I am using Dremio Community edition 23.1.0 on my EKS cluster and I am having issues with the PDS not auto refreshing. I have a folder with parquet files in my AWS S3 source which I formated and created a dataset. The problem is that this parquet folder in the source is updated daily, but dremio does not update it automatically, I have missing data, I only have the data from the last time I formated the parquet folder. And it is not a matter of waiting because it has happened to me that data has not been updated in a month and i haven’t noticed it until someone complaint. In my previous dremio installation (which I still have running and I checked it) on version 11.0.0 this issue doesn’t happen. The same parquet folder formated to be a dataset gets updated automatically without me having to re format it or without having to auto refresh metadata or anything. What setting can I modify and how, to ensure that auto refresh of datasets is done automatically? In my source settings i have this configuration:
Hi! Thank your for the fast reply. The file metadata_refresh.log is empty. And the command ALTER PDS <PDS_NAME> REFRESH METADATA yes helps, is what I have been doing all the type to refresh it manually. But the same dataset in my old dremio v11.0 does not need me to manually refresh the metadata, why is that? Which setting can be affecting this?

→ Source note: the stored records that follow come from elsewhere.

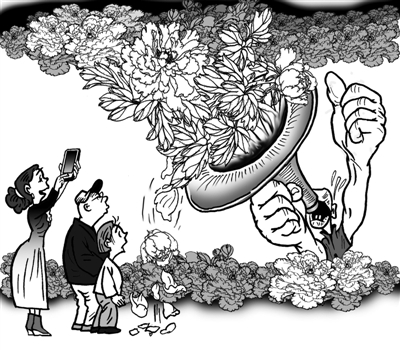 既然名为“牡丹艺术花海节”,游客顾名思义兴然前往,就是为徜徉万亩花海、感受清新自然的田园气息,没见到真花却被大量假花簇拥,难免会有被忽悠之感。这与一些动物园为修缮圈舍将动物送至园外,却依旧开门迎客,一些休闲娱乐场所在顾客享受过相关服务后,才告知需额外消费等并无二致。偌大的景区,不是不可以有假花来补充和点缀,但在介绍和宣传中应事先明确告知,如此“先斩后奏”不仅涉嫌虚假宣传,更严重侵犯了消费者的知情权,到头来再退票款、吃罚单,真心不好玩。李法明/图 韫超/文
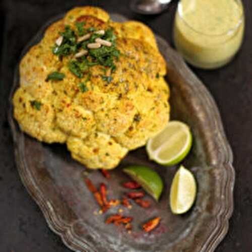 This spicy whole roasted cauliflower is easy to make, but tastes so special.
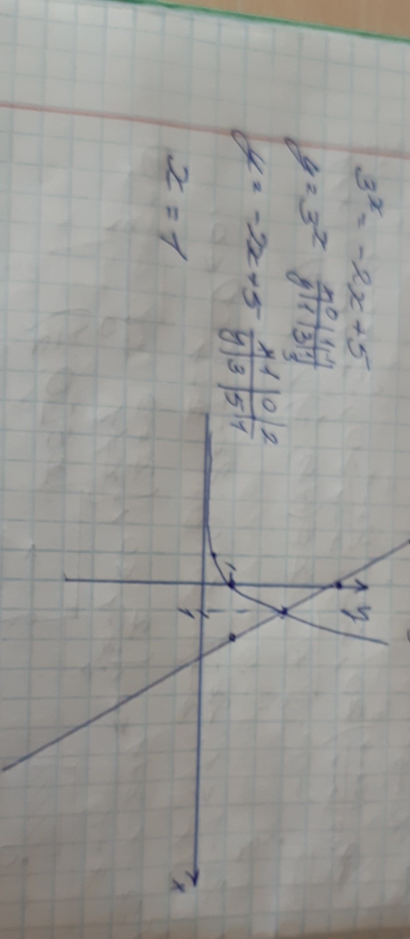 Решить графически уравнение: 3 в степени х = -2х + 5
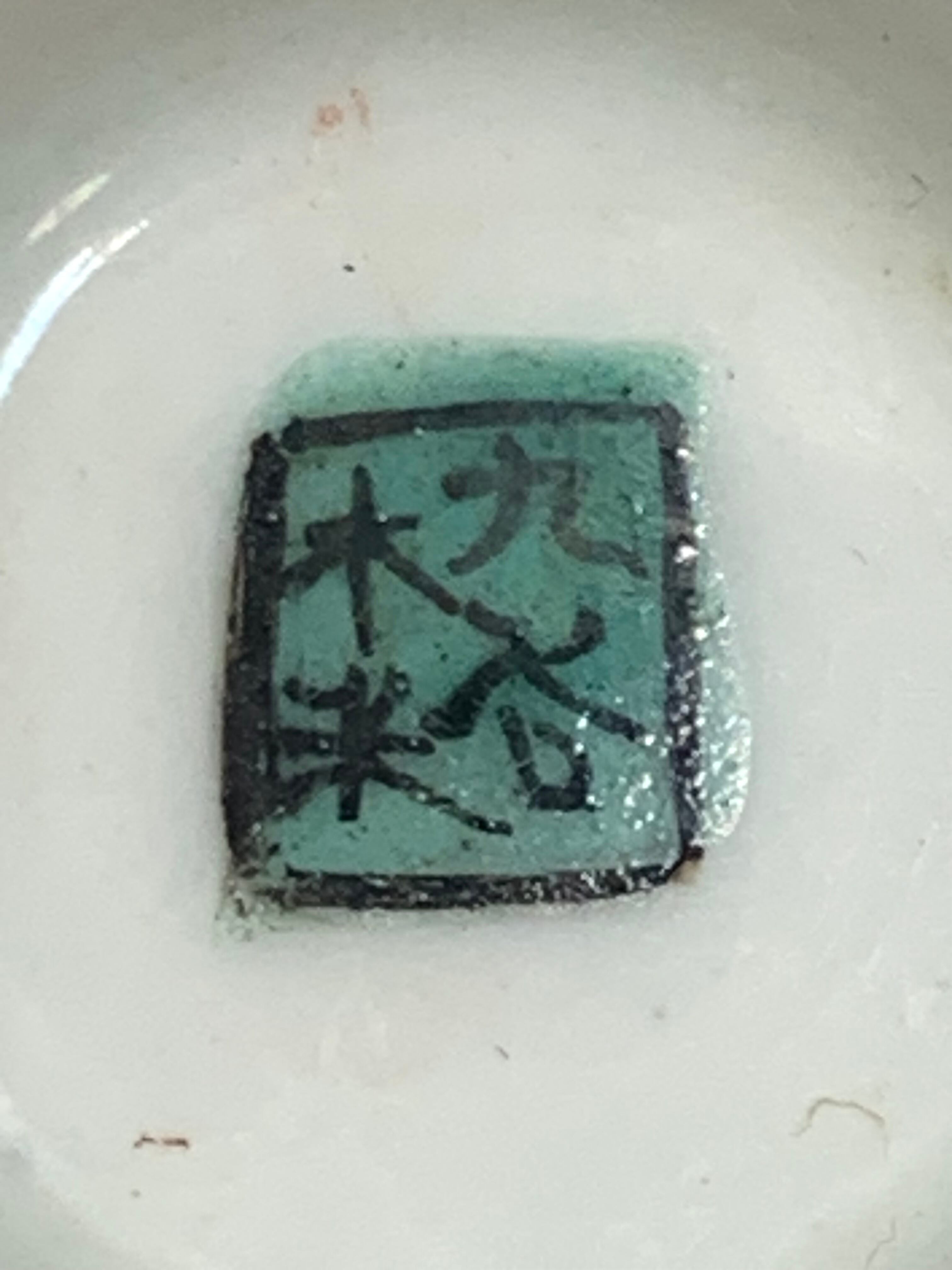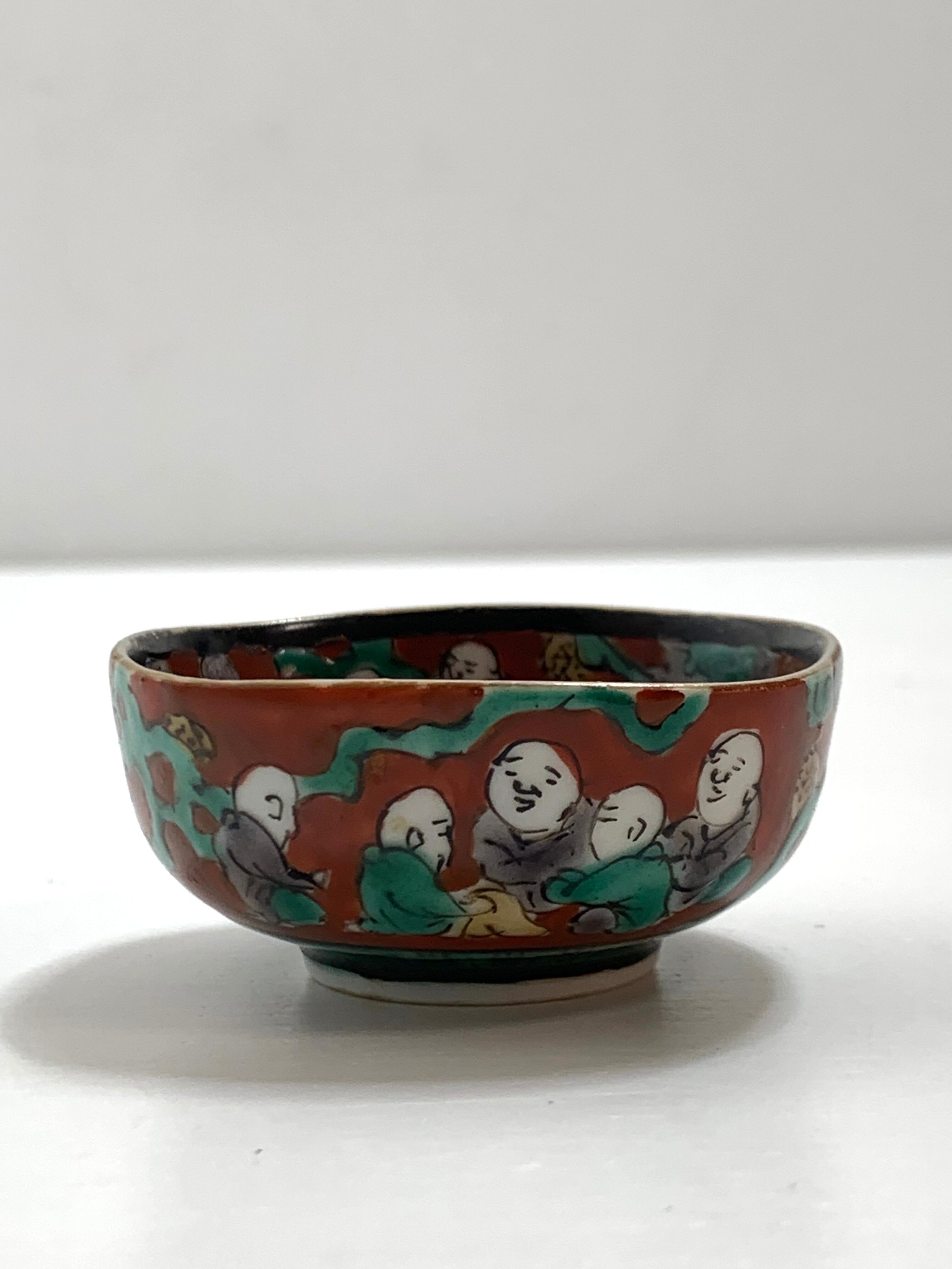 伝統的な九谷焼の魅力が詰まった木米風の四角い盃です。裏面には「木米」と描かれており、その名前に由来する中国の陶芸家木米(モクベイ)からインスピレーションを得た作品です。中央には鯉に乗る三人の人物が繊細に描かれ、物語性や神話的な要素を感じさせる絵柄が魅力的です。
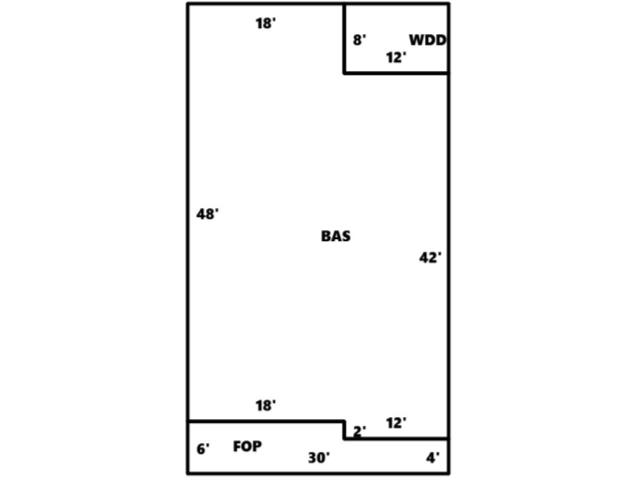BUILDING DIMENSIONS WDD=W12S8E12BAS=W12N8W18S48FOP=S6E30N4W12N2W18$E18S2E12N42$N8$.
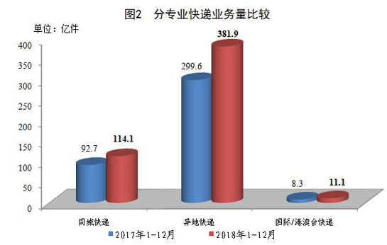 2018年,全國快遞服務(wù)企業(yè)業(yè)務(wù)量累計完成507.1億件,同比增長26.6%;業(yè)務(wù)收入累計完成6038.4億元,同比增長21.8%。其中,同城業(yè)務(wù)量累計完成114.1億件,同比增長23.1%;異地業(yè)務(wù)量累計完成381.9億件,同比增長27.5%;國際/港澳臺業(yè)務(wù)量累計完成11.1億件,同比增長34%。
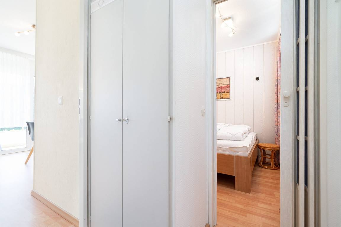 Schlafzimmer mit Doppelbett ( nur von einer Seite begehbar) und einem Kleiderschrank. Das Fenster zum Laubengang lässt sich durch einen Vorhang leicht verdunkeln.
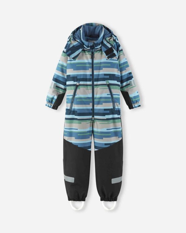 ReimaTec snowsuit for kids’ winter play. Fully waterproof and with durable reinforcements. Contains recycled materials. Visible reflective details.
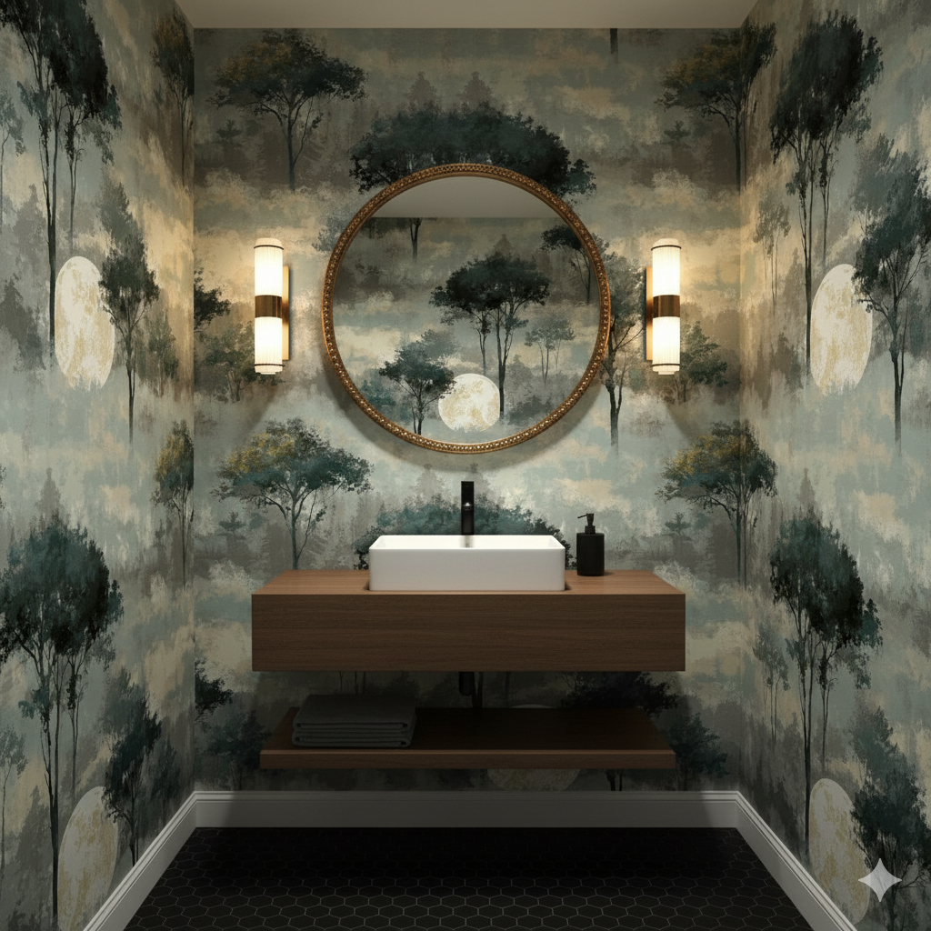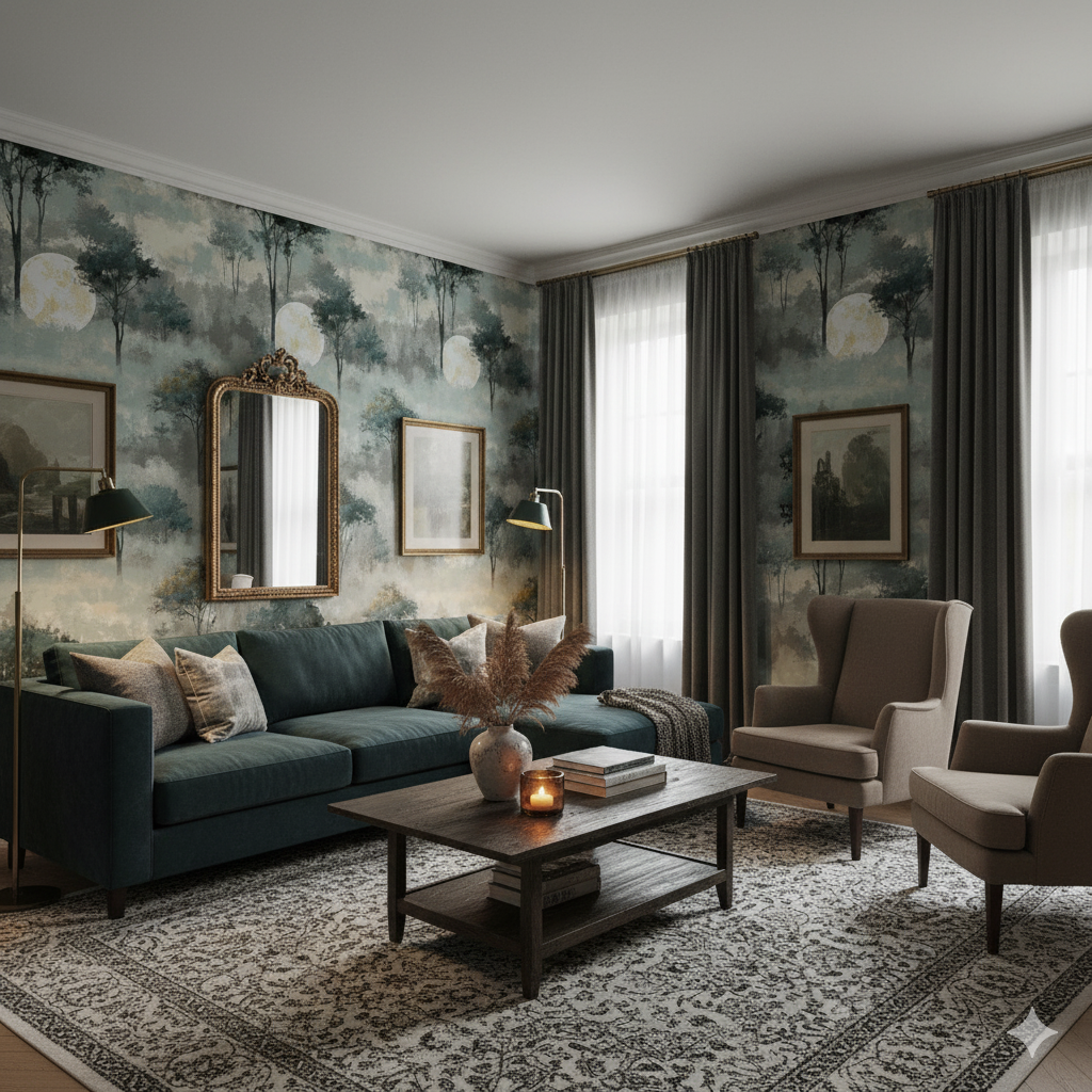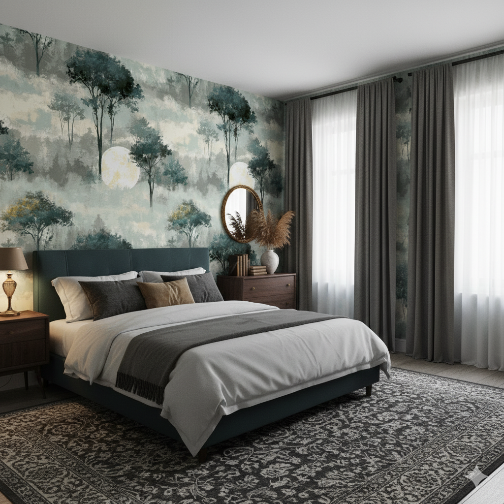 A glowing full moon hovers behind tall, silhouetted trees rising through a haze of silver-green and muted gray. The design has a dreamy, ethereal quality — the forest receding into mist, bathed in the light of a celestial lantern. Subtle golden tones in the moon add warmth against the cool woodland palette. This mural-like pattern would be striking in a bedroom, spa, or meditation space, where tranquility and a connection to nature are desired. Its painterly brushwork softens the otherwise bold imagery, blending realism with artistic abstraction.

@jbaranda On 23.x by default unlimited splits is turned on and requires your metadata to be moved to S3, In your dremio.conf do you have a dist:/// setting?when this runs via background there should be an internal refresh dataset job created for every PARQUET dataset, can you please find that profile? In addition the ALTER PDS command should also have generated an internal refresh dataset job. Can you please send those 2 profiles for the same dataset?
I was able to fix it updating dremio from version 23.1 to version 24.0. Dremio V23.1 had a lot of issues and apparently this was one. Thank you for the help!